Show that the transformation T:R^2->R^2 given T(x1,x2)=(3x1-5x2,x1+2x2)
is linear by verifying that satisfies the definition of linear.
To show that the transformation T:R^2 -> R^2 given by T(x1,x2) = (3x1 - 5x2, x1 + 2x2) is linear, we need to verify that it satisfies the definition of linearity.
A transformation T: V -> W is said to be linear if it satisfies two conditions:
1. T(u + v) = T(u) + T(v) for all vectors u and v in V (additivity)
2. T(cu) = cT(u) for all vectors u in V and all scalars c (homogeneity)
Let's check both conditions for our given transformation T(x1,x2) = (3x1 - 5x2, x1 + 2x2):
1. Additivity:
Consider two vectors u = (x1, x2) and v = (y1, y2) in R^2. We need to show that T(u + v) = T(u) + T(v).
T(u + v) = T(x1 + y1, x2 + y2) = (3(x1 + y1) - 5(x2 + y2), (x1 + y1) + 2(x2 + y2))
= (3x1 - 5x2 + 3y1 - 5y2, x1 + x2 + y1 + y2)
= (3x1 - 5x2, x1 + x2) + (3y1 - 5y2, y1 + y2)
= T(x1, x2) + T(y1, y2)
Hence, T satisfies the additivity condition.
2. Homogeneity:
Consider a vector u = (x1, x2) in R^2 and a scalar c. We need to show that T(cu) = cT(u).

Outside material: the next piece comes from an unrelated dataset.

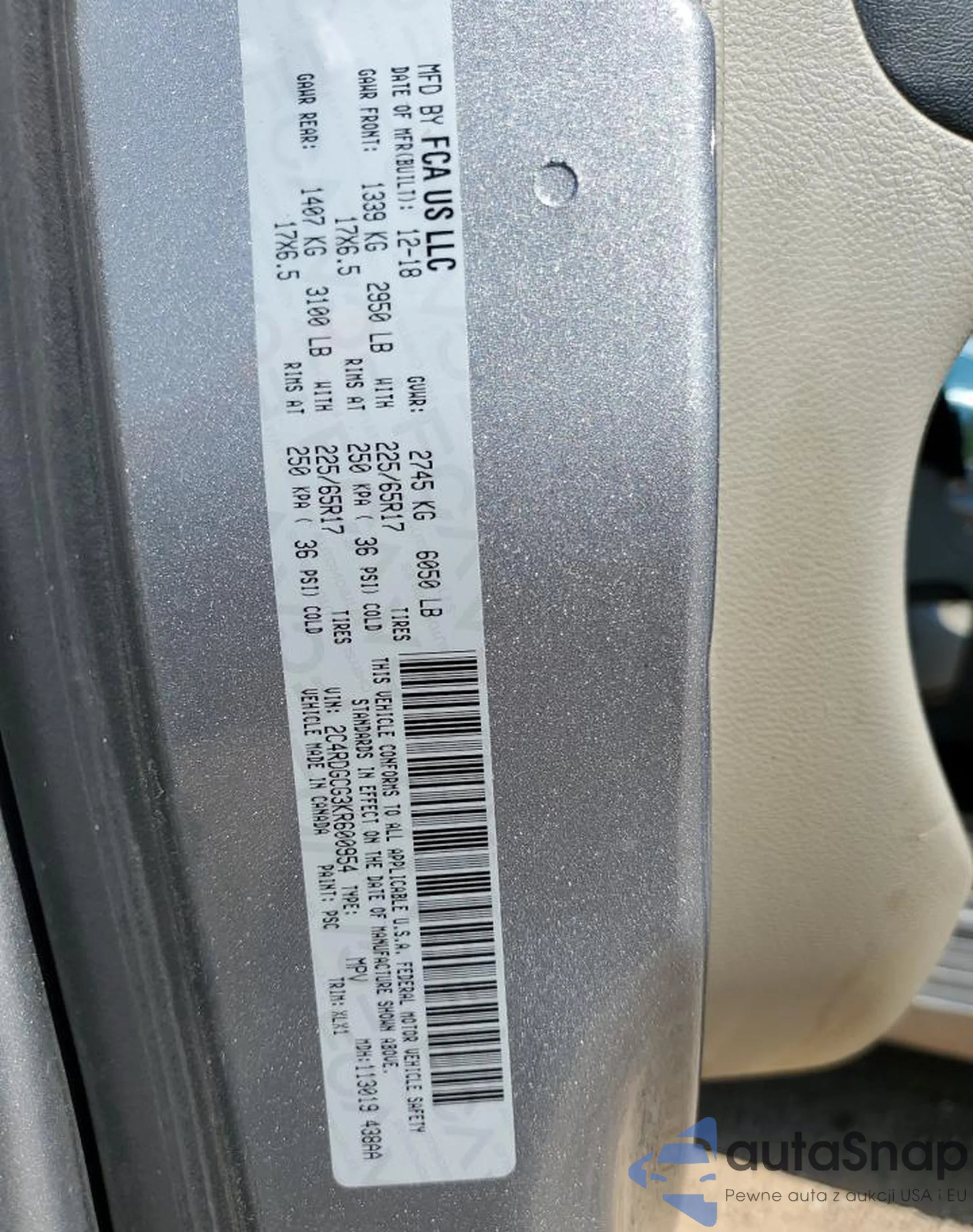VIN: 2C4RDGCG3KR600954

T(cu) = T(c(x1, x2)) = T(cx1, cx2) = (3(cx1) - 5(cx2), (cx1) + 2(cx2))
= (c(3x1) - c(5x2), c(x1) + c(2x2))
= c(3x1 - 5x2, x1 + 2x2)
= cT(x1, x2)
Hence, T satisfies the homogeneity condition.
Since T satisfies both the additivity and homogeneity conditions, we can conclude that the transformation T(x1,x2) = (3x1 - 5x2, x1 + 2x2) is linear.